The code output tells us the global v-measure, homogeneity, and completeness values. We left the β parameter as the default β = 1. This weights completeness and homogeneity equally. In reality the values are so close that β becomes less important.

We can also get the local values of inhomogeneity for each of the precincts. For example, the regional inhomogeneity values for all 90 precincts in “map1” (the official shapefile) can be retrieved with:

vm_clark$map1$rih
##  [1] 0.036898626 0.057113409 0.001632394 0.010058178 0.029202861
##  [6] 0.005960521 0.050435646 0.007158895 0.039099338 0.052334001
## [11] 0.029467929 0.011739352 0.028959039 0.077805553 0.195526348
## [16] 0.004787040 0.045230763 0.159115164 0.097019248 0.171676805
## [21] 0.131221785 0.149956460 0.049322868 0.189781706 0.096776746
## [26] 0.090179730 0.030527920 0.019714832 0.012197205 0.164626868
## [31] 0.064489187 0.201532963 0.091914643 0.003990779 0.002964396
## [36] 0.002919616 0.130074718 0.066694208 0.208280914 0.136132216
## [41] 0.004568247 0.165028264 0.053723843 0.024823939 0.037866106
## [46] 0.003481937 0.011125713 0.012034109 0.140359525 0.174690711
## [51] 0.024288263 0.091956596 0.052100768 0.015986267 0.055097437
## [56] 0.003442807 0.002601731 0.154708058 0.003480319 0.027410655
## [61] 0.071708507 0.018507759 0.221523420 0.057879958 0.094431642
## [66] 0.036512034 0.014654159 0.028964775 0.071805337 0.077478108
## [71] 0.003459239 0.038919201 0.222934799 0.030306707 0.005732318
## [76] 0.025032241 0.009991034 0.046772304 0.007138603 0.006560449
## [81] 0.016284224 0.019730062 0.060970781 0.336303552 0.034348340
## [86] 0.054703047 0.035584068 0.048018285 0.035154993 0.117438924

Since these values refer to inhomogeneity, we are looking for them to be closer to 0 than 1.

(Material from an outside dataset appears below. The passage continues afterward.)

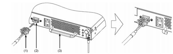 図2-15 ケーブル用コネクタの取り付け(1) ケーブル用コネクタ(2) DC電源コネクタ(3) 電源機構

Evaluation and interpretation

We can map the regional inhomogeneity as well to get a better idea of where the approximations are closer to the actual.

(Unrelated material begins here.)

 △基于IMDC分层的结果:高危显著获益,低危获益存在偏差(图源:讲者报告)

In this map we can see in yellow that the urban (smaller) precincts are not approximated as well as the rural (larger) ones. We could also produce a very similar map from the perspective of the approximated precincts. We think there are a few reasons (that we’ve come up with so far) that we are seeing this particular spatial pattern of the error. First, it’s easier to approximate the precincts in the rural areas with simpler shapes. The urban precincts have much more complex shapes and the nuance can be hard to capture. Additionally, rural precincts seem to be more divided along township lines while urban precincts are more divided along major roads because there are often multiple within a township. We’ve found roads to be difficult to include in the algorithm, but we are looking for ways to improve that now. Overall the errors seem highly clustered (i.e. not randomly distributed) which seems to suggest systemic issues that we could (and should) address in the future.

That’s a quick overview of how we’ve been evaluating our algorithm for precinct approximations. We like the amount of information we can get from v-measure, but are continuously looking for other resources as well. The project in general is a work in progress– feel free to comment if you have ideas or questions! Thanks for reading!